Cheng paid the royalties until February 6, 1991, when GDI’s underlying Dealer Agreement with IFFSI expired. Cheng ceased payments, contending his obligation was conditioned upon the existence of GDI’s franchise. IFFSI did not renew GDI’s area franchise for Caloocan City but instead granted Cheng a direct site franchise for the Gotesco outlet on March 6, 1991. GDI sued for collection of royalties from February 1991 to August 1993, arguing the MOA’s five-year term was independent of its own franchise period.
ISSUE
Whether respondent Cheng is obligated to pay monthly royalty fees to petitioner GDI for the period after the expiration of GDI’s Dealer Agreement with IFFSI on February 6, 1991, up to August 1, 1993.
RULING
No. The Supreme Court affirmed the Court of Appeals’ decision, ruling that Cheng’s obligation to pay royalties under the MOA did not extend beyond the life of GDI’s franchise with IFFSI. The MOA was an assignment of GDI’s rights and interests under its Dealer Agreement. The clear language of the MOA, particularly its Whereas clause incorporating the Dealer Agreement as an integral part, established that the assigned rights were derived from and dependent upon that primary agreement. The Court applied the principle that a contract is the law between the parties and must be interpreted according to its literal meaning when terms are clear.

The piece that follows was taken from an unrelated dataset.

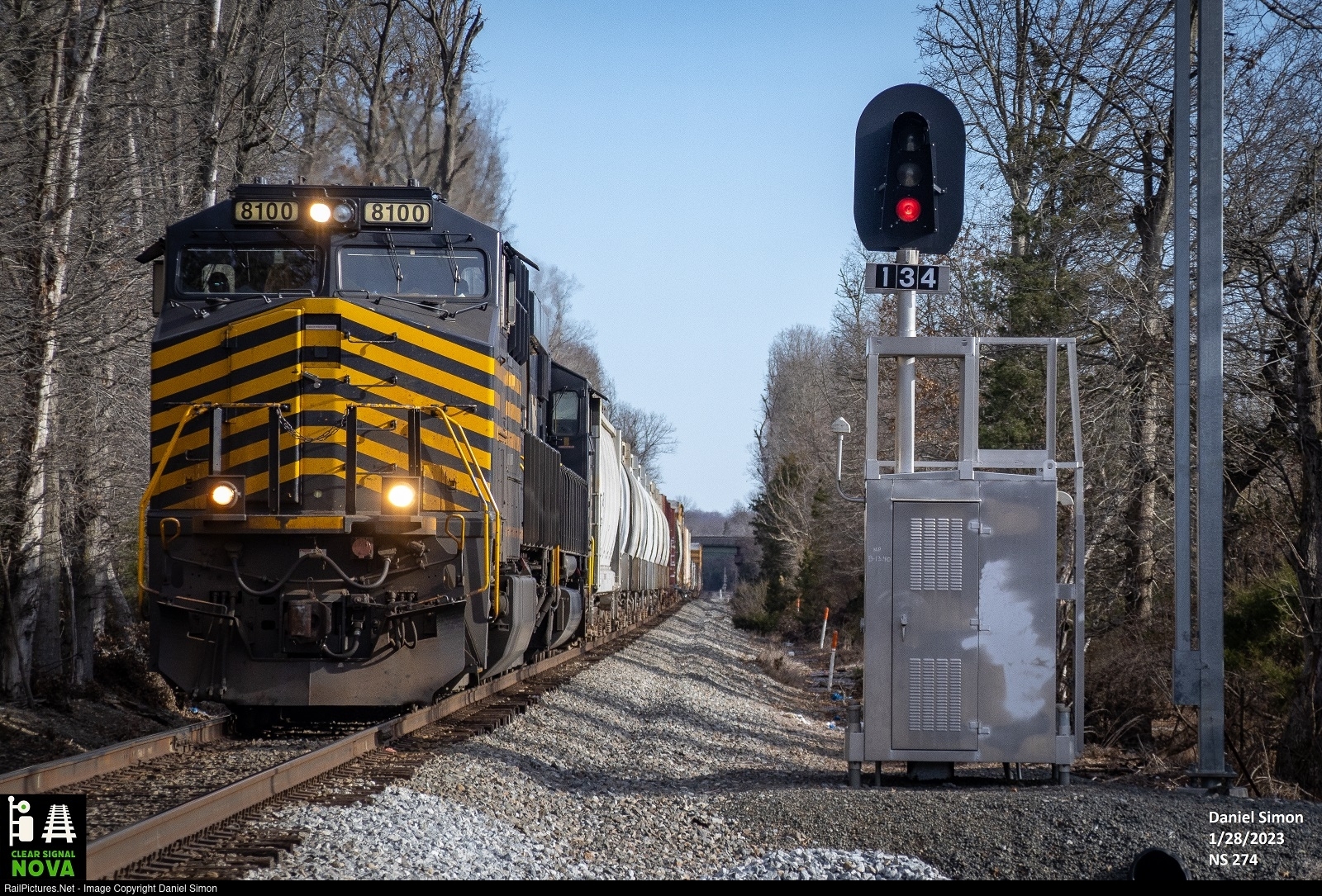 Norfolk Southern train 274 clears the B-13.3 signal heading west on the NS B-Line featuring NS 8100 as the lead engine.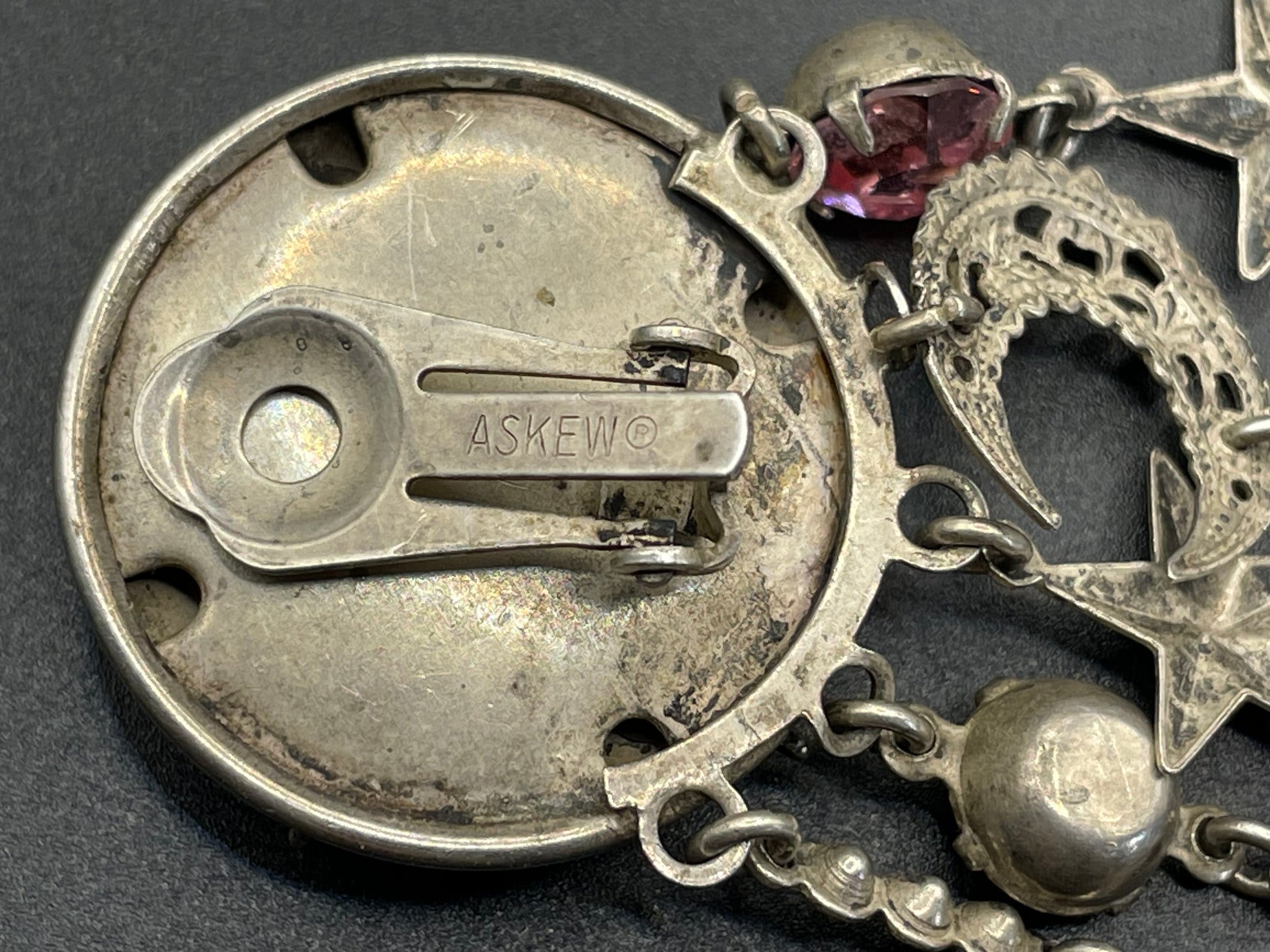 Fabulous vintage and highly collectable signed Askew London statement earrings in antiqued silver tone with aurora borealis and pink, green and blue rhinestone accents on dangling chandelier strands. It has a gorgeous celestial design with stars, filigree crescent moons and decorative drops - absolutely stunning.

The obligation to pay a royalty fee is intrinsically linked to the right or privilege granted. Since GDI’s underlying franchise expired on February 6, 1991, and was not renewed as an area franchise, GDI had no remaining rights to assign or license to Cheng after that date. Cheng’s subsequent direct franchise from IFFSI was a new and separate grant, not flowing from GDI. The Court found no unequivocal language in the MOA indicating the parties intended for royalty payments to continue even after GDI’s franchise lapsed. Therefore, Cheng’s duty to pay GDI ceased when GDI’s source of authority terminated.